Section 2. Construction, Furnishing and Equipping of the Hotel.

On the Site, subject to applicable provisions set forth in Section 15 of Article III, Owner shall, at its expense, and in accordance with the plans, specifications and designs (which shall be produced by or on behalf the Titleholder or as it may direct) substantially in conformity with H.I.’s Design and Engineering Recommendations and Minimum Standards for newly-constructed hotels and comparable to those prevailing for “Grand Hyatt” hotels under construction around the world, as at the date hereof and as defined and acknowledged in Clause 3.1 of the TSA (hereinafter defined) (the “Grand Hyatt Standards”), and with all reasonable diligence procure at its expense, the building, equipping, furnishing and decoration of the Hotel (hereinafter defined). During the Operating Term (as defined below), the maintenance of the Grand Hyatt Standards with respect to the Hotel, insofar as they relate to structural (except those in relation to the basic building frame or supporting structure of the Hotel), equipping, furnishing and decoration shall be subject to changes and the implementation of any such changes shall be required if they are implemented at a majority of Grand Hyatt hotels in the Asia Pacific region but if they are not so implemented at a majority of Grand Hyatt hotels in the Asia Pacific region, then they shall be subject to the agreement of Owner and Hyatt in advance, such agreement not to be unreasonably withheld.

Section 3. The Hotel.

The hotel (the “Hotel”) shall consist of the following:

A. that portion of the Site dedicated to the Hotel and more particularly described on Exhibit A2 attached hereto (the “Hotel Site”);

B. Tower A and Tower B and associated podium facilities located on the Hotel Site, completely air conditioned, with access to the Site, including:-

(1) areas and facilities therein, including (a) approximately 367 guest rooms and suites, each with private bathroom in Tower A, (b) approximately 423 guest rooms, each with private bathroom in Tower B, (c) restaurants, bars and banquet, ballroom, meeting and other public rooms, (d) commercial space for the sale of merchandise, goods or services, (e) garage or other parking space for guests and employees, (f) storage and service support areas, (g) offices for employees, (h) health (fitness) and business centers, and (i) recreational facilities and areas;

 (2) appropriate millwork (including, but not limited to, built in cabinetry, shelving, internal decorations and similar assets) and all installations and building systems necessary for the operation of the Hotel for hotel purposes (including, without limitation, elevator, heating, ventilating, air conditioning, electrical including lighting, plumbing including sanitary, refrigerating, telephone and communications, safety and security, laundry and kitchen installations and systems);

(3) all furniture and furnishings, which shall include guest room, office, public area, and other furniture, carpeting, draperies, lamps and similar items;

(4) kitchen and laundry (if necessary) equipment (it being recognized that the Hotel may use a valet or third party laundry service);

(5) special hotel equipment, and adequate spare parts therefor, which shall include (a) all equipment required for the operation of (i) guest rooms, including televisions, mini-bars and safes, (ii) banquet rooms, (iii) employee locker rooms, and (iv) a health (fitness) center, (b) office equipment, including computer hardware and software as selected by H.I. and being compatible with software selected by Owner for use in the Development, (c) dining room wagons, (d) material handling equipment, (e) cleaning and engineering equipment, and (f) motor vehicles as required for guest and employee transportation;

(6) dining room accessories, kitchen utensils, engineering tools and equipment, housekeeping utensils and miscellaneous equipment and accessories (hereinafter called “Ancillary Hotel Equipment”); and

(7) uniforms, china, glassware, linens and silverware and the like (hereinafter called “Operating Equipment”);

C. such other facilities and appurtenances within the Hotel, as are necessary or desirable with respect to the Hotel under Grand Hyatt Standards and/or the Grand Hyatt Operating Standards (as defined in Article III Section 1A) as the case may be.

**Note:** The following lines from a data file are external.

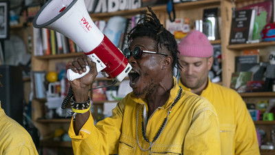 KOKOKO! are sonic warriors. They seized control of the Tiny Desk, shouting their arrival through a megaphone, while electronic sirens begin to blare.
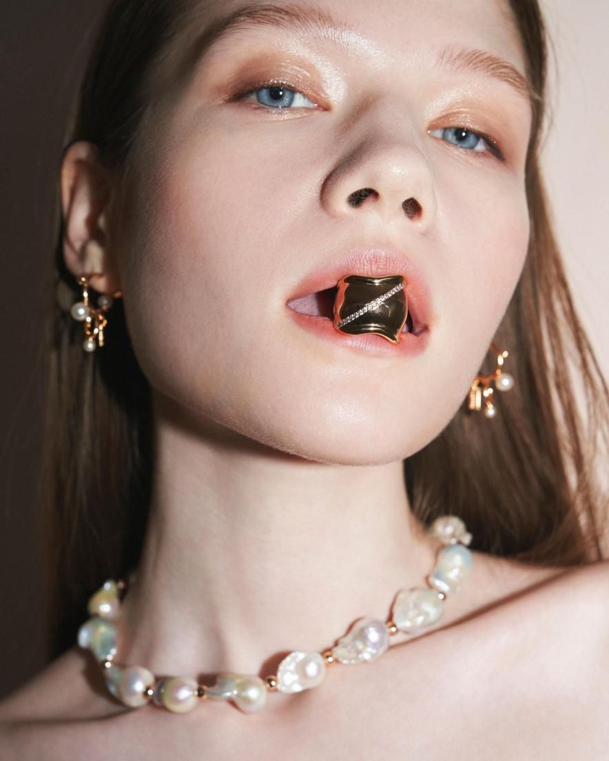 大胆にうねる曲面に、斜めにカットされたようなシャープなラインが交差します。光を受けて輝く部分と陰影のコントラストが、立体的な表情を生み出す印象的なフォルム。
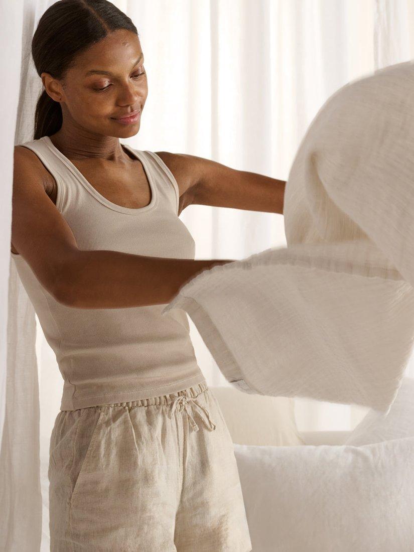 Meet The Linen & Cotton Throw. Generously sized for maximum comfort, it's crinkle-textured and mellow - both in colour and nature. Drape it over your bed, bundle it on the sofa and still have room for a partner - or simply hide underneath it if you fancy a nap without being bothered.
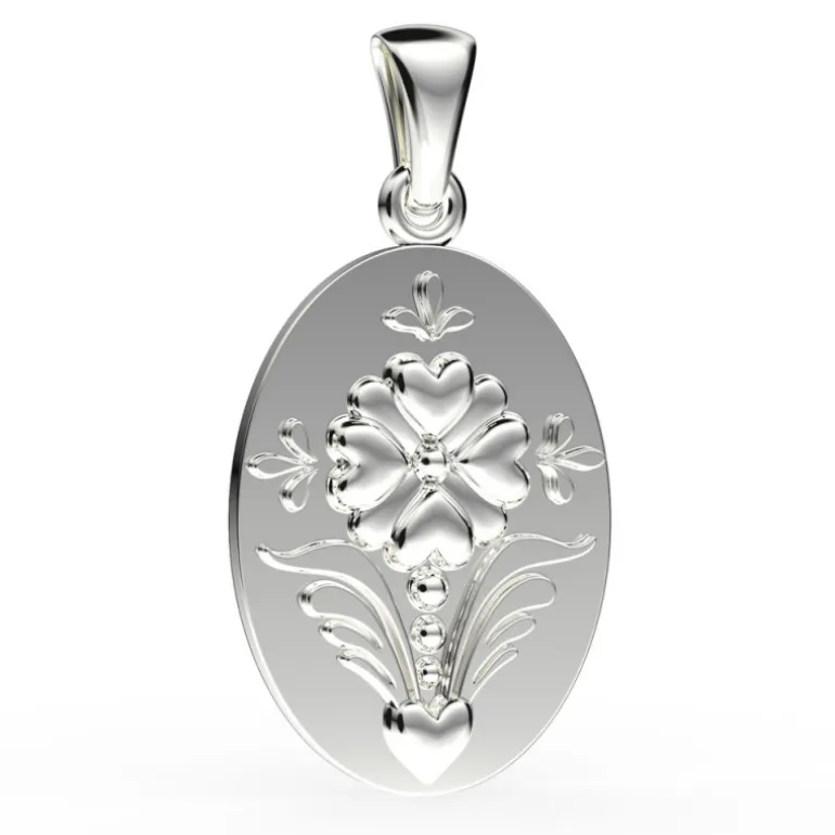 Smycke med fyra hjärtan som bildar en blomma, lyckoklöver, kurbitsblad och dekorationer från vackra kurbitsmålningar.
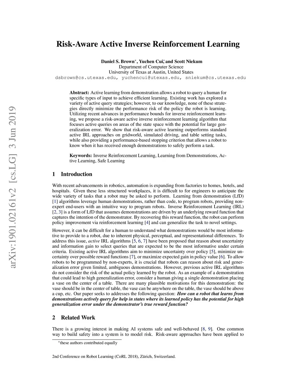 Active learning from demonstration allows a robot to query a human for specific types of input to achieve efficient learning. Existing work has explored a variety of active query strategies; however, to our knowledge, none of these strategies directly minimize the performance risk of the policy the robot is learning. Utilizing recent advances in performance bounds for inverse reinforcement learning, we propose a risk-aware active inverse reinforcement learning algorithm that focuses active queries on areas of the state space with the potential for large generalization error. We show that risk-aware active learning outperforms standard active IRL approaches on gridworld, simulated driving, and table setting tasks, while also providing a performance-based stopping criterion that allows a robot to know when it has received enough demonstrations to safely perform a task.
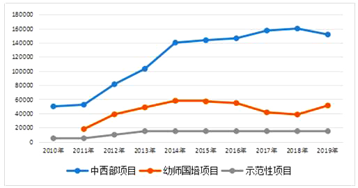 1. 財政投入強度大。2010-2019年,中央財政累計投入“國培計劃”經(jīng)費172億元。其中,中西部項目和幼師國培項目投入超過159億元,占比92%左右。十年來,國培參訓人均經(jīng)費增長了約2.6倍。中央政府的財政投入帶動了各級地方政府的教師培訓經(jīng)費投入,還吸引了社會機構(gòu)的參與。
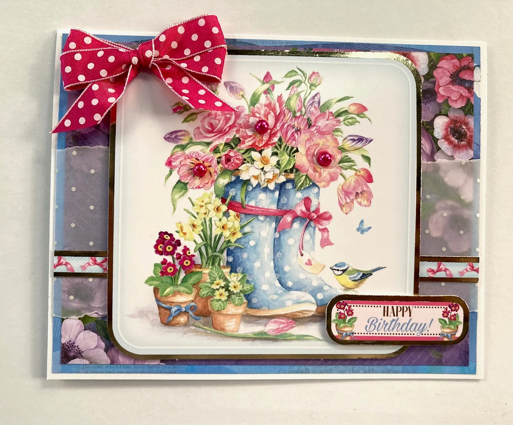 Tear the long edges of 6 1/2"x2 ½” dotted vellum. Score and fold ½ from either end, glue to the back of constructed piece. Glue to the card front leaving a 1/16" white border. Cut the bow border in half and glue to the vellum on each side 1 1/2" from the card bottom. Foam tape the boots focal Topper in the center over the border pieces. Foam tape the "Happy Birthday" Topper 1/2" from bottom right, place an extra piece of foam tape on the right end. Make and Zot™️ a 2" wide bow in the top left corner. Place pearls on flowers as shown.

The items to be supplied by Owner under (3), (4) and, with the exception of spare parts, (5) of subsection B above are hereinafter collectively referred to as “Furnishings and Equipment”.

Section 4. Mixed-Use Development.

Owner has advised Hyatt that the balance of the Site, excluding the Hotel Site, shall be dedicated to other uses, including retail, a casino, an apartment hotel tower and two other hotel towers, all of which will be operated by companies which may be affiliated with Owner (collectively, the “Development”).

Section 5. Title to the Hotel.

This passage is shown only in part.